Disney Completes Dali Animation
jbottero writes "Wired News has an interesting piece on a Salvador Dali animation coming out of Disney Studios. It seems that in 1946, Walt Disney and Dali teamed up on a short film called Destino. The film was shelved for money reason, and now, 57 years later, Disney animators has finished what Dali started. The six minute film will be shown in theaters next year before a Disney feature film. The remnants of the aborted film include 150 storyboards, drawings and paintings, which have sat for the last half-century in the Disney vaults. Notably, some of the project was modeled on the animation program Maya. An interesting quote from the article, Dali describes Walt Disney as one of America's greatest surrealists."
Funny how most of the Europeans I know who have lived in the US for any amount of time have really liked it here. Some enough to stay here permanently.
That's not contradictory. Those Europeans live in the few percent of the US that is modern, fairly civilized, and interesting, where some non-negligible fraction of the population actually knows of the existence of places outside the US, and where there are at least acceptable cultural institutions and events (museums, theater, opera, lectures, chamber music, etc.).
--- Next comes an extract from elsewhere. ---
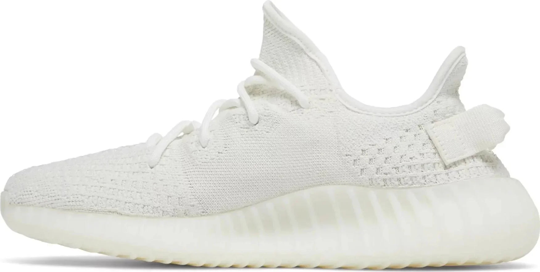 The adidas Yeezy Boost 350 V2 Bone showcases a triple white Primeknit upper, accented by mesh side stripes and canvas heel tabs. A semi-translucent Boost-cushioned sole delivers comfort and completes the minimalist look.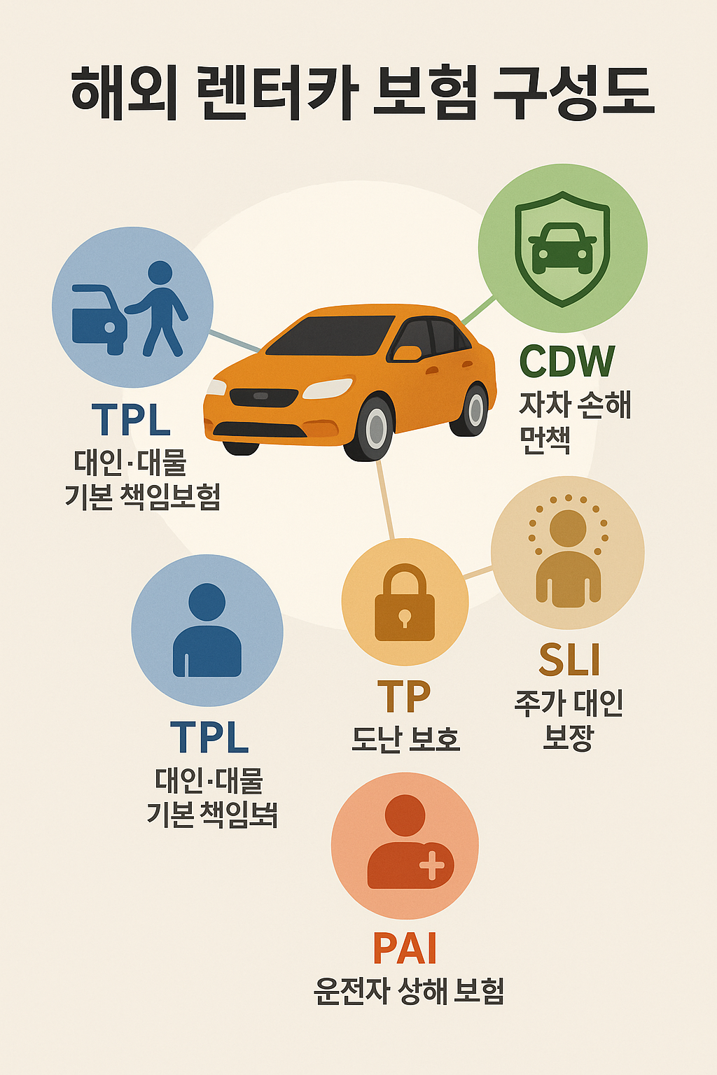 - 렌터카 보험 구성(TPL 기본 포함, CDW/SLI 옵션) 확인

They live in places like Boston, New York, San Francisco, Seattle, and maybe a handful of others. And they live in the 5% of the income distribution where life in the US is pretty convenient, where they can send their kids to good schools, and where their friends, acquaintances, and co-workers have actually also gone to good schools. In short, Europeans often like living in the US because they can choose to live in the nicest places and because they usually command a large income.
But when those same Europeans venture outside those few areas, they see most Americans living depressing, backwards lives in depressing, backwards places.